Unsere Hoffnung – das Licht aus der Höhe
Hier stoßen wir an die „Grenzen der Menschheit“. Es sind nicht nur die Ressourcen der Erde, die knapp werden, es sind auch die Ressourcen der Hoffnung und des guten Willens, die uns auszugehen scheinen. Uns bleibt oft nur die christliche Hoffnung auf eine Auferstehung im vielfältigen Sinn.
Das größte Fest dieser Hoffnung ist das Osterfest. Hier feiern wir Christus, der aus der Finsternis des Todes zurückkam, um bleibend zum Licht für alle zu werden. In der Osternacht wird das Licht der Osterkerze am Feuer entzündet und in die dunkle Kirche getragen, mit dem dreimaligen Gesang: „Lumen Christ!“ – „Licht Christi!“ Im Licht der aufgehenden Sonne – dem eigentlichen Zeitpunkt der Auferstehungsfeier – folgt im „Exsultet“ der große Lobgesang auf dieses Licht:
„Lobsinge, du Erde, überstrahlt vom Glanz aus der Höhe!

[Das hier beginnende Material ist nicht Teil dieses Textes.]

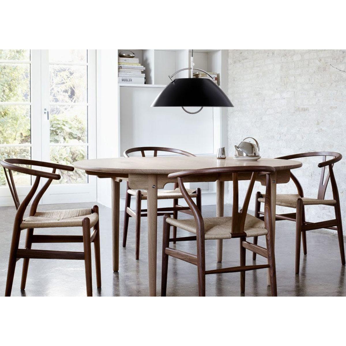 I’m a fan of the CH337 extending table for its clean, simple silhouette and the warmth of oiled oak - it feels equally at home in a Scandi-inspired kitchen or a pared-back urban loft. The extension leaves are neatly stored underneath, so you can shift from a cosy breakfast for four to a dinner party in seconds. To style it, keep the surface uncluttered: a slim linen runner or a trio of low-profile ceramics lets the grain shine through. Mix in chairs with contrasting textures - think leather-trimmed seats or woven rattan - and layer in a single sculptural jug or a small potted plant rather than a large centrepiece.
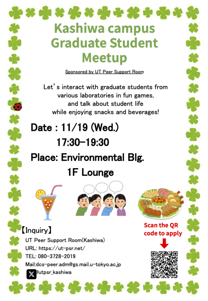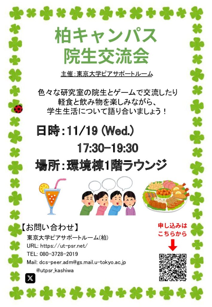 11/19(Wed.)“院生交流会/Graduate Student Meetup” & 11/5(Wed.),19(Wed.)“柏ラウンジ/Lounge” will be held!‼️
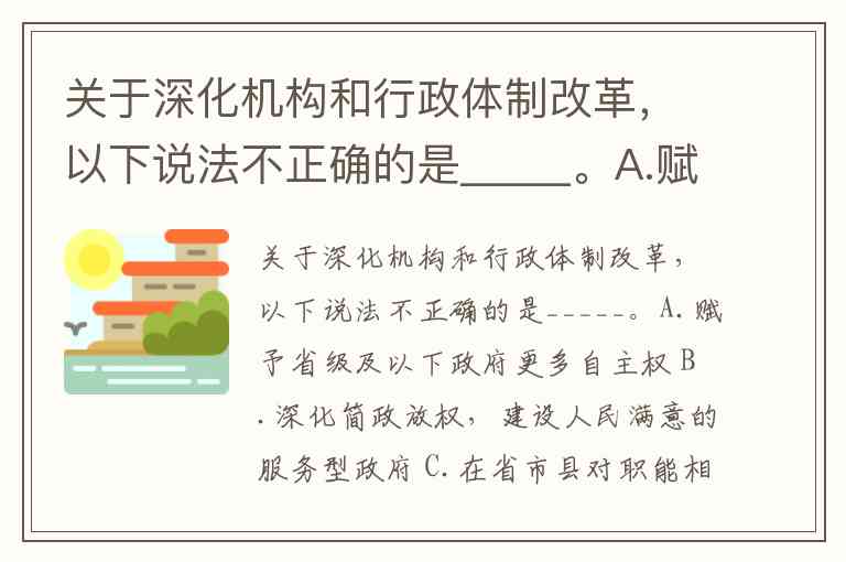 关于深化机构和行政体制改革,以下说法不正确的是_____。A.赋予省级及以下政府更多自主权 B.深化简政放权,建设人民满意的服务型政府 C.在省市县对职能相近的党政机关全面实行合署办公 D.统筹考虑各类机构设置,科学配置党政部门及内设机构权力
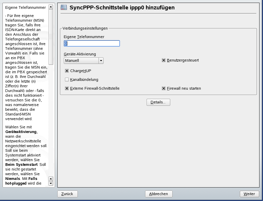 Wenn die Verbindung vor der nächsten zu zahlenden Gebühreneinheit getrennt werden soll, aktivieren Sie . Dies funktioniert unter Umständen jedoch nicht mit jedem ISP. Durch Auswahl der entsprechenden Option können Sie auch die Kanalbündelung (Multilink-PPP) aktivieren. Sie können SuSEfirewall2 für die Verbindung aktivieren, indem Sie und auswählen. Um dem normalen Benutzer ohne Administratorberechtigung das Aktivieren oder Deaktivieren der Schnittstelle zu ermöglichen, wählen Sie .
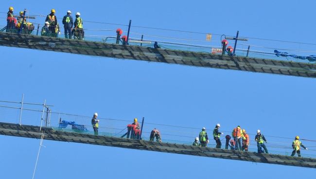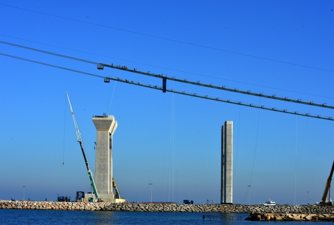 Her iki yakayı birbirine ilk kez bağlayan halatlar üzerinden devam eden çalışmalarda, köprü inşaatı için en önemli noktalardan olan kedi yolu yapım çalışmaları da devam ediyor.
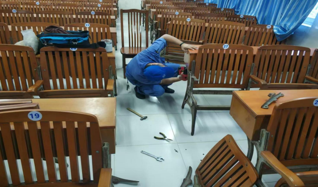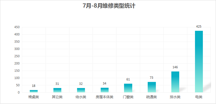 对学校公共设施进行日常巡查、维护,发现问题及时维修、抢修。师生报修问题随报随修,确保公共设施正常运行。7-8月共接单820单,其中电类425单,给水类32单,门窗类61单,排水类146单,疏通类73单,房屋本体类34单,桌椅类18单,其他类31单,完成788单。

Licht des großen Königs umleuchtet dich.
Siehe, geschwunden ist allerorten das Dunkel.“
So ist uns das wirkliche und wirksame Licht für unser Leben bereits geschenkt. Zugleich geht an uns der Auftrag, den die Propheten bereits zu einer Zeit formulierten, als das Volk Israel in der babylonischen Gefangenschaft (597-539 v. Chr.) aushalten mussten, der uns bis auf den heutigen Tag inspirieren will (Jes 60,1-5):
„Steh auf, werde licht, denn es kommt dein Licht
und die Herrlichkeit des HERRN geht strahlend auf über dir. Denn siehe, Finsternis bedeckt die Erde und Dunkel die Völker, doch über dir geht strahlend der HERR auf, seine Herrlichkeit erscheint über dir. Nationen wandern zu deinem Licht und Könige zu deinem strahlenden Glanz.“
Wenn wir uns auf dieses Licht einlassen, geht uns vielleicht ein Licht auf!